Of the cumulative forbearance exits for the period from July 1, 2020, through Dec. 31, 2023, at the time of forbearance exit:
• 29.4% resulted in a loan deferral/partial claim.
• 17.7% represented borrowers who continued to make their monthly payments during their forbearance period.
• 18.5% represented borrowers who did not make all of their monthly payments and exited forbearance without a loss mitigation plan in place yet.
• 16.0% resulted in a loan modification or trial loan modification.
• 10.7% resulted in reinstatements, in which past-due amounts are paid back when exiting forbearance.
• 6.5% resulted in loans paid off through either a refinance or by selling the home.
• The remaining 1.2% resulted in repayment plans, short sales, deed-in-lieus or other reasons.
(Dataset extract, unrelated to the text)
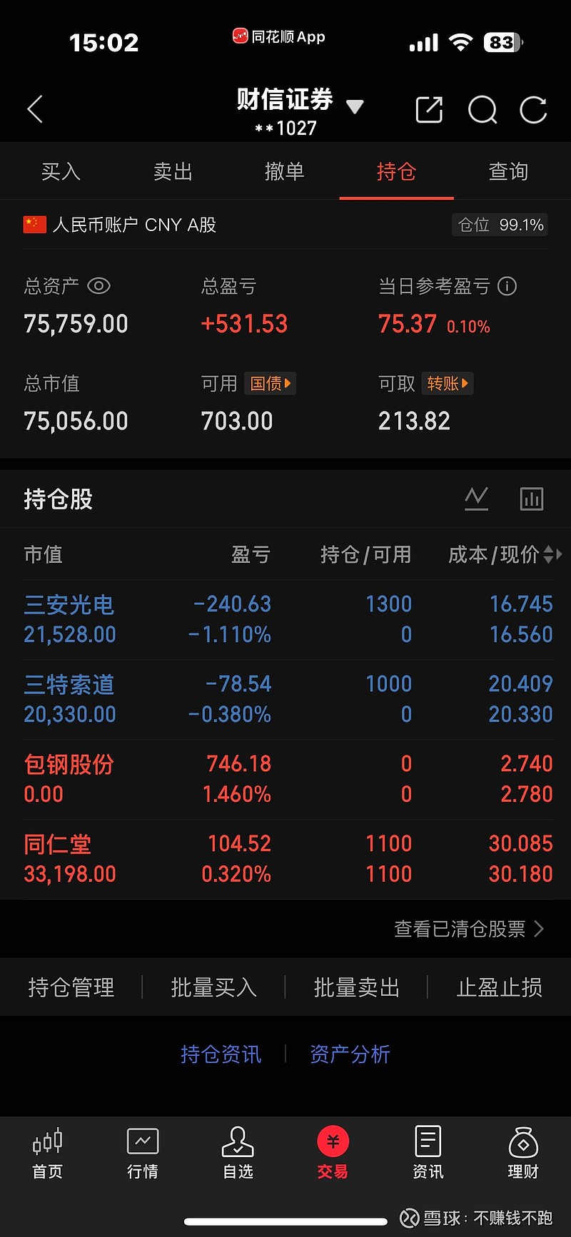 记录美好生活,今天早盘卖出了三特$三特索道(SZ002159)$ ,下午接回来,这都没赚到钱我也是无语了,$三安光电(SH600703)$ 三安下午接的都能让我跌一个多点,明天可能还有一跌,抄底抄的心情都不好了,同仁堂给你一个赞,这太稳了吧,今天虽然赚钱了,但是我的操作就是一坨,明天加油吧,明天大盘给点力吧,兄弟们喜欢的点点关注,每天实盘更新$上证指数(SH000001)$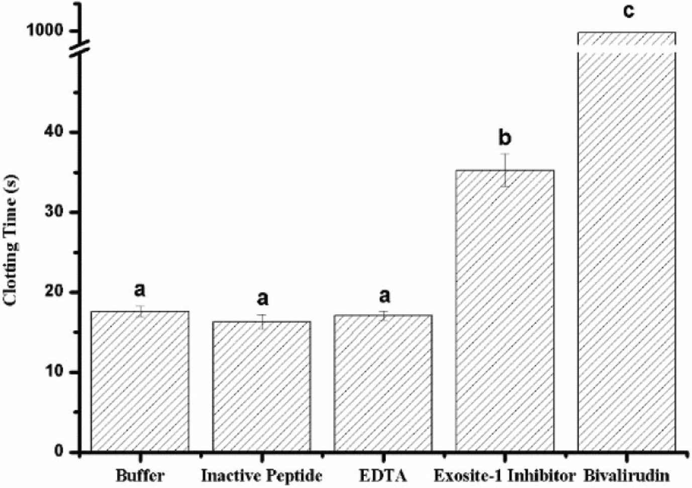 Fibrinogen clotting time of different samples. Thrombin exosite-I inhibitor and bivalirudin (bivalent direct thrombin inhibitor) have significant difference compare with buffer (blank) but inactive peptide (negative control) and EDTA are not.

Total loans serviced that were current (not delinquent or in foreclosure) as a percent of servicing portfolio volume (#) decreased to 95.44% (on a non-seasonally adjusted basis) in December 2023 from 95.71% in November 2023.
• The five states with the highest share of loans that were current as a percent of servicing portfolio: Washington, Colorado, Idaho, Oregon, and Montana.
• The five states with the lowest share of loans that were current as a percent of servicing portfolio: Louisiana, Mississippi, Indiana, New York, and Illinois.

Total completed loan workouts from 2020 and onward (repayment plans, loan deferrals/partial claims, loan modifications) that were current as a percent of total completed workouts were 74.39% in December 2023, which was 21 basis points below the percentage of total loans serviced that were current for the month.

MBA’s monthly Loan Monitoring Survey (replaced MBA’s Weekly Forbearance and Call Volume Survey in December 2021) covers the period from Dec. 1 through Dec. 31, 2023, and represents 64% of the first-mortgage servicing market (31.9 million loans). To subscribe to the full report, go to www.mba.org/loanmonitoring.

NOTES: For more detailed information on performance metrics, including seasonally adjusted delinquency rates by stage (30 days, 60 days, 90+ days), please refer to MBA’s Quarterly National Delinquency Survey at www.mba.org/nds. Fourth-quarter 2023 results will be released on Thursday, Feb. 8, 2024.

The next publication of the Monthly Loan Monitoring Survey (LMS) will be released on Tuesday, Feb. 20, 2024, at 4:00 p.m. ET.